▶ _Task instructions_:
Copy everything in the data below exactly except the pictures.

Information shown Start Marker

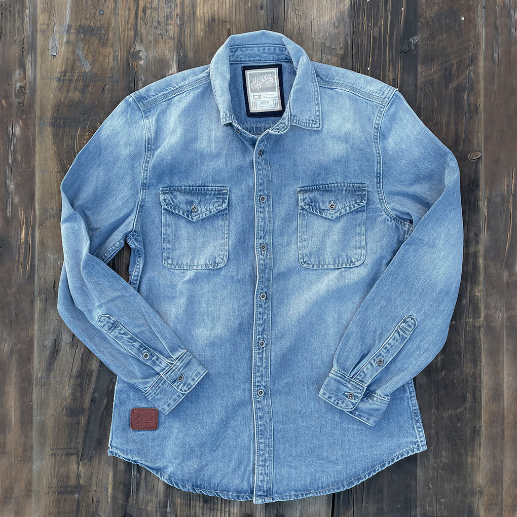 Our heroes motors Shirt will quickly become one of your favorites. Comfortable, casual, and non stretch denim.
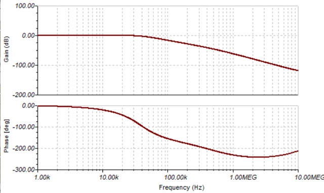 In this circuit, Q6 is suspected to consume a lot of loop margin, so I want to perform a bode analysis. However, the Bode diagram obtained by simulation does not have the cross frequency, as shown below:
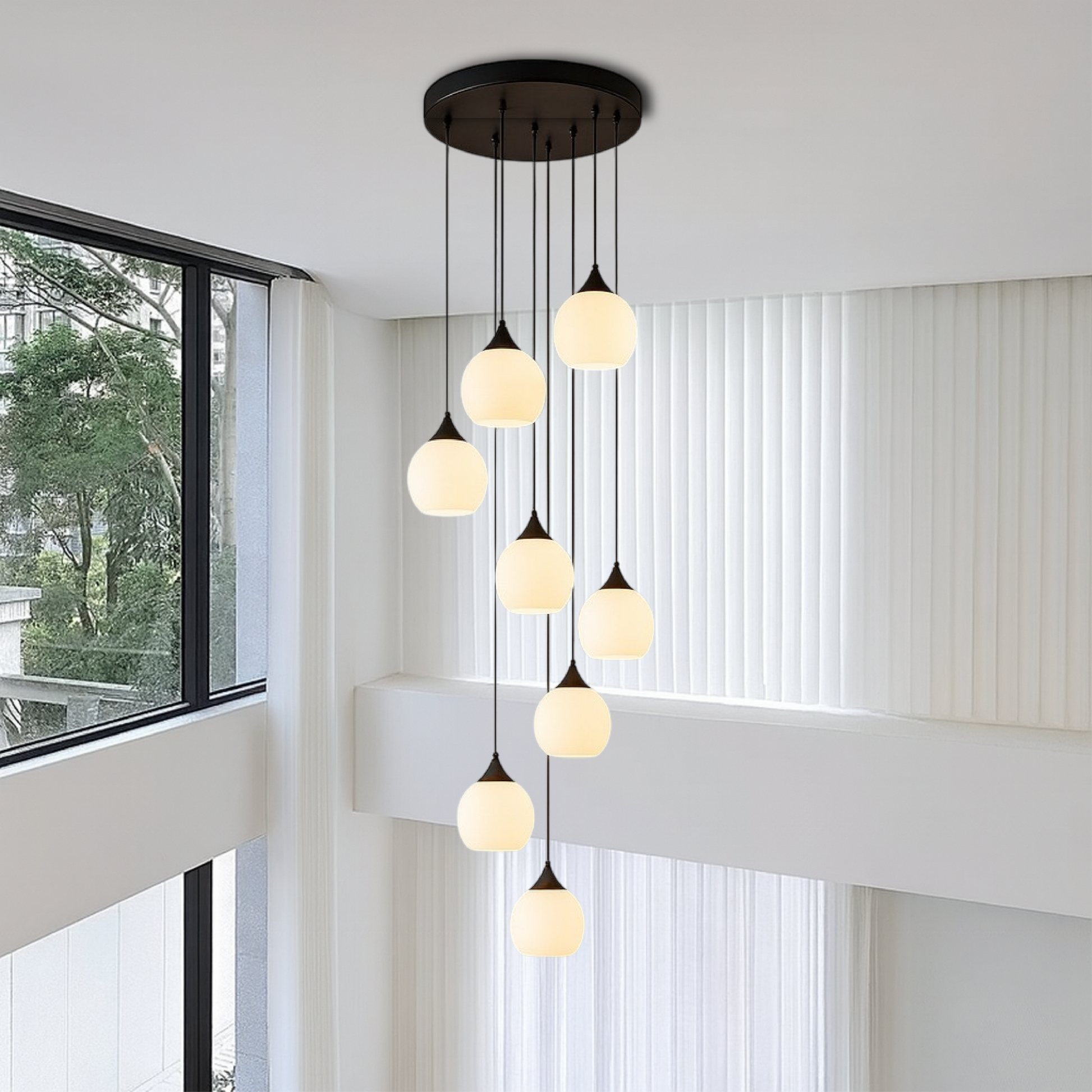 Esta lámpara colgante es más que una simple pieza de iluminación: es una declaración de estilo y armonía espacial. Diseñada para interiores amplios, como salones o recibidores de doble altura, sus bombillas escalonadas con gracia atraen la mirada hacia arriba, realzando tanto el volumen como el ambiente. Es una mezcla perfecta de forma y función para aquellos que valoran tanto la sofisticación como la comodidad.

Information shown End Marker

▶ _Answer area_:
 Our heroes motors Shirt will quickly become one of your favorites. Comfortable, casual, and non stretch denim.
 In this circuit, Q6 is suspected to consume a lot of loop margin, so I want to perform a bode analysis. However, the Bode diagram obtained by simulation does not have the cross frequency, as shown below:
 Esta lámpara colgante es más que una simple pieza de iluminación: es una declaración de estilo y armonía espacial. Diseñada para interiores amplios, como salones o recibidores de doble altura, sus bombillas escalonadas con gracia atraen la mirada hacia arriba, realzando tanto el volumen como el ambiente. Es una mezcla perfecta de forma y función para aquellos que valoran tanto la sofisticación como la comodidad.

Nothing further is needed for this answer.